Comparative cross-performance
The mean performance of 54 intraspecific crosses along with the performance of the four controls was analyzed using a PCA over the 23 evaluated traits. The first two principal components explained 31.3 and 20.7% of the total variance, respectively (Fig. 2). The 48% remaining variation was spread among components 3 to 23. Traits related to plant architecture, bunch architecture, and yield component contributed to the first component, in particular Number of Fruits, Number of Hands, Peduncle Diameter, Leaf Width, and Leaf Length with correlations to the first component equal to 0.91, 0.88, 0.87, 0.79, and 0.70, respectively (Fig. 2a). Traits related to fruit architecture and Fruit Weight contributed to the second component, in particular Fruit Length and Fruit Grade with correlations to the second component equal to 0.87, 0.83 and 0.79, respectively (Fig. 2a). We observed that families were well spread out over the two components of the PCA (Fig. 2b). Only families with small fruits and low yield on average were underrepresented (bottom left of the PCA). Many crosses gathered around Cavendish, especially those including Mchare and Paka as tetraploid parents. Very few crosses narrowed Calcutta 4 wild accession or Pisang Ceylan AAB triploid cultivar on both two first axes. The absence of hybrids outperforming Pisang Ceylan on both PC1 and PC2 can be explained by the differing breeding goals and genetic backgrounds of interspecific vs intraspecific hybrids. Crosses with the same tetraploid parents tended to cluster together while crosses with the same diploid parents tended to be more scattered.

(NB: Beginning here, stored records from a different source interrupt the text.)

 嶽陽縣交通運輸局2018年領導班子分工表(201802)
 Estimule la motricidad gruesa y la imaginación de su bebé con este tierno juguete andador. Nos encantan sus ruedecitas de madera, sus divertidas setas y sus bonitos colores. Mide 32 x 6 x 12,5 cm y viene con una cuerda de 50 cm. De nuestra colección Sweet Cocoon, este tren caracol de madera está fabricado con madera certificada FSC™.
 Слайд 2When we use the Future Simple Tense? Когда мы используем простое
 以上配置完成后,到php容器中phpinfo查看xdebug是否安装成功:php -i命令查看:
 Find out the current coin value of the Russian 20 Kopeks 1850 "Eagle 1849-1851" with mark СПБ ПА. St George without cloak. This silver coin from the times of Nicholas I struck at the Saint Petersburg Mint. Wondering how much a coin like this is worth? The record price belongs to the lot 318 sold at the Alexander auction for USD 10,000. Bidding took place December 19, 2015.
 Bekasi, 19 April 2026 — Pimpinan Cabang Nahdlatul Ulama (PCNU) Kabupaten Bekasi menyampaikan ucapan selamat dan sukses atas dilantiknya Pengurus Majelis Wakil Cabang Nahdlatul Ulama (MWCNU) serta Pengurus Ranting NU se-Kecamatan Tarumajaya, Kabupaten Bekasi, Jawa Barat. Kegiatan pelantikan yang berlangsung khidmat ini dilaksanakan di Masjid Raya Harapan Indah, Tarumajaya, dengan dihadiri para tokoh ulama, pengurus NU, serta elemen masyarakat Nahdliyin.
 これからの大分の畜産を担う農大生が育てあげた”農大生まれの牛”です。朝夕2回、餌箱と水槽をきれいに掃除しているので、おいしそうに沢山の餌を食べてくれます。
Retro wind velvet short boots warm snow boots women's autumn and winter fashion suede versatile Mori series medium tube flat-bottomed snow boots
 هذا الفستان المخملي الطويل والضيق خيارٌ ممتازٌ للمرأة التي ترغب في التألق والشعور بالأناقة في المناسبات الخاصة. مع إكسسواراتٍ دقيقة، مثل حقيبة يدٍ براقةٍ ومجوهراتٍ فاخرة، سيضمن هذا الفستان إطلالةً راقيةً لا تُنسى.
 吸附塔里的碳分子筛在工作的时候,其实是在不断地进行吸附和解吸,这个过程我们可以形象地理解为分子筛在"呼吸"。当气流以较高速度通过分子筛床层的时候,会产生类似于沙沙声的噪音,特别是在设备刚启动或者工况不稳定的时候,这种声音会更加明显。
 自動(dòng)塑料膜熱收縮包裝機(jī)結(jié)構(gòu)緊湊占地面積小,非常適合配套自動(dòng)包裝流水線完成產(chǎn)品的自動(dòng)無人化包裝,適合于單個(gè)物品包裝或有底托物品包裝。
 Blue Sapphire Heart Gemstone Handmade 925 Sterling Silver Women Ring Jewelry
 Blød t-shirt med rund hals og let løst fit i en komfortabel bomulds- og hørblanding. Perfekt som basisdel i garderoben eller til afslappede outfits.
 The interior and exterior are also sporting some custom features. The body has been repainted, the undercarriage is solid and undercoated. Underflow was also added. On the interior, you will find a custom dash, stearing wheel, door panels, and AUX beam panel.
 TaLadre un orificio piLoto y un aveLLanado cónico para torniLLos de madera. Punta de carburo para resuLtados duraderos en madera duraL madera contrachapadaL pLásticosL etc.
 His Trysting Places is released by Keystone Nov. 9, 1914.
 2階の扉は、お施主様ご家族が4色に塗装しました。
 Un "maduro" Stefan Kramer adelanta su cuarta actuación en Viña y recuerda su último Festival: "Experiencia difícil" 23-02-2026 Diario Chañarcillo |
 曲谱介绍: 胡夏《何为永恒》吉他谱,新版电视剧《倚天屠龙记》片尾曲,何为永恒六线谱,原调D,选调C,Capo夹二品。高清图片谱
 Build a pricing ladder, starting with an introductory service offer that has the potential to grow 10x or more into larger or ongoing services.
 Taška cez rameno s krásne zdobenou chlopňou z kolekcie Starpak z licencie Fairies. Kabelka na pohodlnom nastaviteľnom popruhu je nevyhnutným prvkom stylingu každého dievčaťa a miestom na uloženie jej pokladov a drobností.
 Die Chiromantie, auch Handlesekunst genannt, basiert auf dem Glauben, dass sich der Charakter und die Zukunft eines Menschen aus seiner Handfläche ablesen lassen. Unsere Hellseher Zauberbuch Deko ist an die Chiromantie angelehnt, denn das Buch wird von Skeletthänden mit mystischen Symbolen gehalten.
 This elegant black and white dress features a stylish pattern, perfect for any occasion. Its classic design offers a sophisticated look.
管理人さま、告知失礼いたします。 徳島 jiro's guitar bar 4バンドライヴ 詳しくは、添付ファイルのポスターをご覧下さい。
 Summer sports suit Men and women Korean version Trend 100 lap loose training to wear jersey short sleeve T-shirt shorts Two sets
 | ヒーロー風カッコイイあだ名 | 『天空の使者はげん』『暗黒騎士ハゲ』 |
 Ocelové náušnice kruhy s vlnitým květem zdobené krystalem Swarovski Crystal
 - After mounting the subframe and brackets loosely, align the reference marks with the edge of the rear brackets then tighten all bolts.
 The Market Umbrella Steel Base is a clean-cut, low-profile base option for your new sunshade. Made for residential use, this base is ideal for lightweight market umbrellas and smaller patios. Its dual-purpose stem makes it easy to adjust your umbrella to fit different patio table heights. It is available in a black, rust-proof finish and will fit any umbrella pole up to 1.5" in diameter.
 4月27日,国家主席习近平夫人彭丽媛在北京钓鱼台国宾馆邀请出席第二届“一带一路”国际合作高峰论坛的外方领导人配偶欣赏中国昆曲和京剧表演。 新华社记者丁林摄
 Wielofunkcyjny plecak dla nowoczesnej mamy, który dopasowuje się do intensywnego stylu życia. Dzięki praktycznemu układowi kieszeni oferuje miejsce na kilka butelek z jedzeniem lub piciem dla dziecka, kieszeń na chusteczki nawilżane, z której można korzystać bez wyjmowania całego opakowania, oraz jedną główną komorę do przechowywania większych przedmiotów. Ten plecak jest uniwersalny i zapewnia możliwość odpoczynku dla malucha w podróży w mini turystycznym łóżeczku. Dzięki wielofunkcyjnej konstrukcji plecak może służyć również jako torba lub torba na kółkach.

Principal component analysis of cross-mean performance for agro-morphological traits. Trait correlation plots are presented for axes 1 and 2 (a). Cross-mean performance is plotted in the phenotypic space for axes 1 and 2 (b). In panel (a), traits are colored by trait category. In panel (b), dots are numbered according to the diploid parent (2x) and colored according to the tetraploid parent (4x). Cross-mean performance was estimated using Eq. 3 for crosses with a progeny size of at least 15. Controls (grey dots) include Cavendish, Pisang Madu, Pisang Ceylan, and Calcutta 4. Total variance explained by each PC is listed in the axes.
The cross-performances were evaluated over 20 traits in terms of mean, variance, and progeny size to be generated to have an offspring with a better performance than Cavendish (Fig. 3; Supplementary Table 6). Three traits (Leaf Length, Leaf Width, and Leaf Index) were not used because they are descriptive traits for which it is not clear whether a higher or lower value than Cavendish is expected.
Minimum progeny size required to outperform Cavendish for 20 agronomic traits. For each trait, the cross-mean is plotted against the cross-standard deviation (SD). The purple dashed line shows the Cavendish value. Trait names are colored according to their category. Each point is colored according to the progeny size necessary to obtain at least one offspring with better performance than Cavendish, with a probability of 0.9. For most traits, the selection objective is to have a higher performance than Cavendish, except for Pseudostem Height, Robustness Index, Peduncle Index, Peduncle Index, and Days to Fruit Maturity for which the objective is a lower performance than Cavendish.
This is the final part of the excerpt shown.